FacebookTwitterGoogle+RedditEmail

The FBI Can Bypass Encryption

Encryption has gained the attention of actors on both sides of the mass surveillance debate. For example in a speech at the Brookings Institution FBI Director James Comey complained that strong encryption was causing U.S. security services to “go dark.” Comey described encrypted data as follows:

“It’s the equivalent of a closet that can’t be opened, a safe deposit box that can’t be opened, a safe that can’t ever be cracked.”

Got that? Comey essentially says that encryption is a sure bet. Likewise during an interview with James Bamford whistleblower Ed Snowden confidently announced that:

“We have the means and we have the technology to end mass surveillance without any legislative action at all, without any policy changes… By basically adopting changes like making encryption a universal standard—where all communications are encrypted by default—we can end mass surveillance not just in the United States but around the world.”

If you glanced over the above excerpts and took them at face value you’d probably come away thinking that all you needed to protect your civil liberties is the latest encryption widget. Right? Wow, let me get my check book out! Paging Mr. Omidyar…

Not so fast bucko.
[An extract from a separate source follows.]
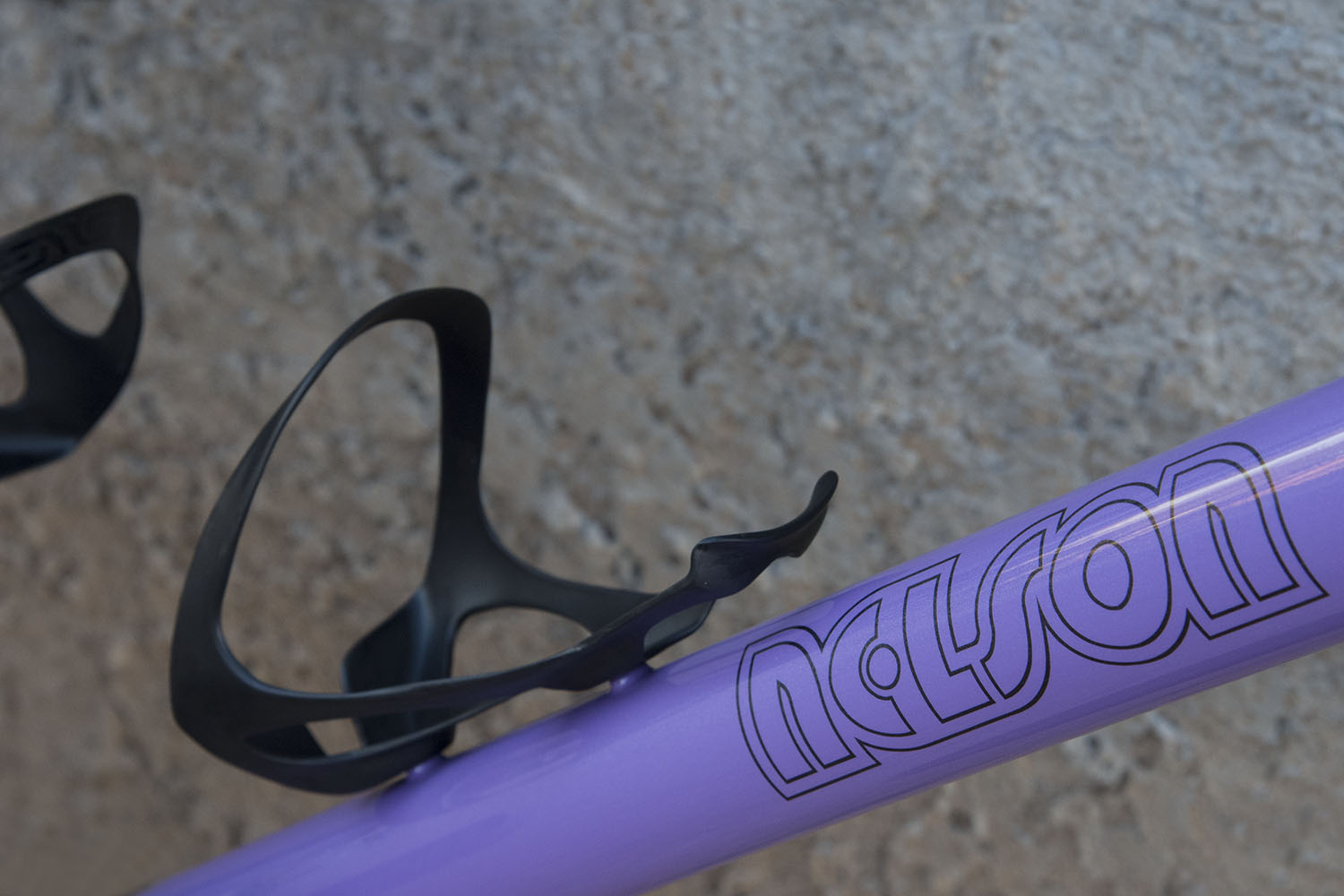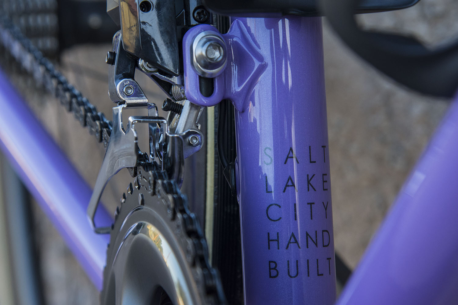 It’s safe to say that Salt Lake City frame builder Matt Nelson (SaltAir Cycles) pulled no punches on this one. As a relatively new builder and first-time NAHBS exhibitor, Matt has shows some impressive skill, creativity and attention to detail with the execution of this unique custom frame. One of the major standouts is the clampless seatmast, which uses a full custom machined aluminum head piece with an internal wedge for a super clean look. Adding to the clean look are the Di2 frame fittings, which include a custom piece on the top tube that accepts both the rear brake housing and the E-tube wire from the shifters. Matt opted for a straight 44mm ID headtube with an external Chris King lower headset to accommodate the Enve tapered carbon fork. Additional features include a threaded BB for simplicity and reliability and “Breezer” style rear dropouts.

There’s an important caveat, some fine print that Ed himself spelled out when he initially contacted film director Laura Poitras. In particular Snowden qualified that:

“If the device you store the private key and enter your passphrase on has been hacked, it is trivial to decrypt our communications.”

This corollary underscores the reality that, despite the high profile sales pitch that’s being repeated endlessly, strong encryption alone isn’t enough. Hi-tech subversion is a trump card as the Heartbleed bug graphically illustrated. In light of the NSA’s mass subversion programs it would be naïve to think that there aren’t other critical bugs like Heartbleed, subtle intentional flaws, out in the wild being leveraged by spies.

The FBI’s Tell

James Comey’s performance at Brookings was an impressive public relations stunt. Yet recent history is chock full of instances where the FBI employed malware like Magic Lantern and CIPAV to foil encryption and identify people using encryption-based anonymity software like Tor. If it’s expedient the FBI will go so far as to impersonate a media outlet to fool suspects into infecting their own machines. It would seem that crooks aren’t the only attackers who wield social engineering techniques.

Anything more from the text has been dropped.